Given entries Block Start

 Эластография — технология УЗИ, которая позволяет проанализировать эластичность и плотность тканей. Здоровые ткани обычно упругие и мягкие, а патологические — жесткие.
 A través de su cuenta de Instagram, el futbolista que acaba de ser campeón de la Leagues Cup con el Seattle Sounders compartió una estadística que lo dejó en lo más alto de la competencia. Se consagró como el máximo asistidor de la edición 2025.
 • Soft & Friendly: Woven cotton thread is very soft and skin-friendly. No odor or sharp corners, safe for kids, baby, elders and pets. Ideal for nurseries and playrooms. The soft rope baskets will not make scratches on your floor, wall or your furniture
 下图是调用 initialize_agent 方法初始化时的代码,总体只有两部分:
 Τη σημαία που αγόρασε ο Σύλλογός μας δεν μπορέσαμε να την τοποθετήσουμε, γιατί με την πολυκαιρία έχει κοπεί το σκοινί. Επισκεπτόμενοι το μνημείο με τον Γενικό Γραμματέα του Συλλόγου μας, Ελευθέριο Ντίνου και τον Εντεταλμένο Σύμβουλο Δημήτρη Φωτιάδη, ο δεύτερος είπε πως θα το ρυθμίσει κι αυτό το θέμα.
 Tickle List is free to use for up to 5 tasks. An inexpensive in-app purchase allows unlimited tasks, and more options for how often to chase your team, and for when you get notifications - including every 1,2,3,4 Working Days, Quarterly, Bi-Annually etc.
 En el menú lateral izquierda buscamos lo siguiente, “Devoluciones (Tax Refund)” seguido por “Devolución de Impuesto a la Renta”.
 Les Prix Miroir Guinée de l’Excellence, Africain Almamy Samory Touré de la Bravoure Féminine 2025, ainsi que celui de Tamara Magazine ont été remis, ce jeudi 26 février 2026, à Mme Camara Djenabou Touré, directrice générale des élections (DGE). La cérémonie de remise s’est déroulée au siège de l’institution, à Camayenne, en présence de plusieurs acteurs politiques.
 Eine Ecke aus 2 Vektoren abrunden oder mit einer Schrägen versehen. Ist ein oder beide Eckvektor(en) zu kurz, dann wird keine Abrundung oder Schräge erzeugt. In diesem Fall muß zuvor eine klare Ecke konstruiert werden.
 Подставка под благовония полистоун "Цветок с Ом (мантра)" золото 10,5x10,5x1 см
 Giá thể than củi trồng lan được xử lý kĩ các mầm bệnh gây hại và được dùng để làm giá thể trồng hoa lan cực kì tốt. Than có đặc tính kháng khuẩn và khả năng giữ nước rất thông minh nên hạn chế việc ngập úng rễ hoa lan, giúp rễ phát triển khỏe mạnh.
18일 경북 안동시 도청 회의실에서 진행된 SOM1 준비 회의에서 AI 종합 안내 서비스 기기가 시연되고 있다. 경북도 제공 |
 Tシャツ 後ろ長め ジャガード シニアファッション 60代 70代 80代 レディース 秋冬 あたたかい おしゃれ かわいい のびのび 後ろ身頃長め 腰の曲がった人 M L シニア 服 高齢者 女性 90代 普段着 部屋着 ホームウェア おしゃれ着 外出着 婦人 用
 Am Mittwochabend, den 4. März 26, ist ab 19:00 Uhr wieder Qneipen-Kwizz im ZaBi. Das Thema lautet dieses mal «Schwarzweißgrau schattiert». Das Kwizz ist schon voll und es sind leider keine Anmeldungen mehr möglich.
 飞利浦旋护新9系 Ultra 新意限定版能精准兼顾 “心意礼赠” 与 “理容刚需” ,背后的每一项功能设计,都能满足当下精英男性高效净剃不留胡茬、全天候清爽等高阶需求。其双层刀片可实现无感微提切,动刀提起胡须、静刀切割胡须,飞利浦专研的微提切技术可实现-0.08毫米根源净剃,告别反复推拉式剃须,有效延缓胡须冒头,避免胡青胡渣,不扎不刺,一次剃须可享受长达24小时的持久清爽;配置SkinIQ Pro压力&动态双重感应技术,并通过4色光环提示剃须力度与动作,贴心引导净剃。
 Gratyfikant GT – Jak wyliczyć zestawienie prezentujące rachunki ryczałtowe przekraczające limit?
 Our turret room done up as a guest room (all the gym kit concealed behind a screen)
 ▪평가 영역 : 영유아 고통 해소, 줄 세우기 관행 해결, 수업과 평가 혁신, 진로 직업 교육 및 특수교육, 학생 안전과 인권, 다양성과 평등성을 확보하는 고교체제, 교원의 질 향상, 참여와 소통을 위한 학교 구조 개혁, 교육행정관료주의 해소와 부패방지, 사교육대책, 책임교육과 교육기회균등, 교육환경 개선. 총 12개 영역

Given entries Block End

(Task requirements) Beginning at the line above with "Tickle List is" and finishing at the line with "Am Mittwochabend, den", return each line exactly and return nothing else.

(Written solution)
 Tickle List is free to use for up to 5 tasks. An inexpensive in-app purchase allows unlimited tasks, and more options for how often to chase your team, and for when you get notifications - including every 1,2,3,4 Working Days, Quarterly, Bi-Annually etc.
 En el menú lateral izquierda buscamos lo siguiente, “Devoluciones (Tax Refund)” seguido por “Devolución de Impuesto a la Renta”.
 Les Prix Miroir Guinée de l’Excellence, Africain Almamy Samory Touré de la Bravoure Féminine 2025, ainsi que celui de Tamara Magazine ont été remis, ce jeudi 26 février 2026, à Mme Camara Djenabou Touré, directrice générale des élections (DGE). La cérémonie de remise s’est déroulée au siège de l’institution, à Camayenne, en présence de plusieurs acteurs politiques.
 Eine Ecke aus 2 Vektoren abrunden oder mit einer Schrägen versehen. Ist ein oder beide Eckvektor(en) zu kurz, dann wird keine Abrundung oder Schräge erzeugt. In diesem Fall muß zuvor eine klare Ecke konstruiert werden.
 Подставка под благовония полистоун "Цветок с Ом (мантра)" золото 10,5x10,5x1 см
 Giá thể than củi trồng lan được xử lý kĩ các mầm bệnh gây hại và được dùng để làm giá thể trồng hoa lan cực kì tốt. Than có đặc tính kháng khuẩn và khả năng giữ nước rất thông minh nên hạn chế việc ngập úng rễ hoa lan, giúp rễ phát triển khỏe mạnh.
18일 경북 안동시 도청 회의실에서 진행된 SOM1 준비 회의에서 AI 종합 안내 서비스 기기가 시연되고 있다. 경북도 제공 |
 Tシャツ 後ろ長め ジャガード シニアファッション 60代 70代 80代 レディース 秋冬 あたたかい おしゃれ かわいい のびのび 後ろ身頃長め 腰の曲がった人 M L シニア 服 高齢者 女性 90代 普段着 部屋着 ホームウェア おしゃれ着 外出着 婦人 用
 Am Mittwochabend, den 4. März 26, ist ab 19:00 Uhr wieder Qneipen-Kwizz im ZaBi. Das Thema lautet dieses mal «Schwarzweißgrau schattiert». Das Kwizz ist schon voll und es sind leider keine Anmeldungen mehr möglich.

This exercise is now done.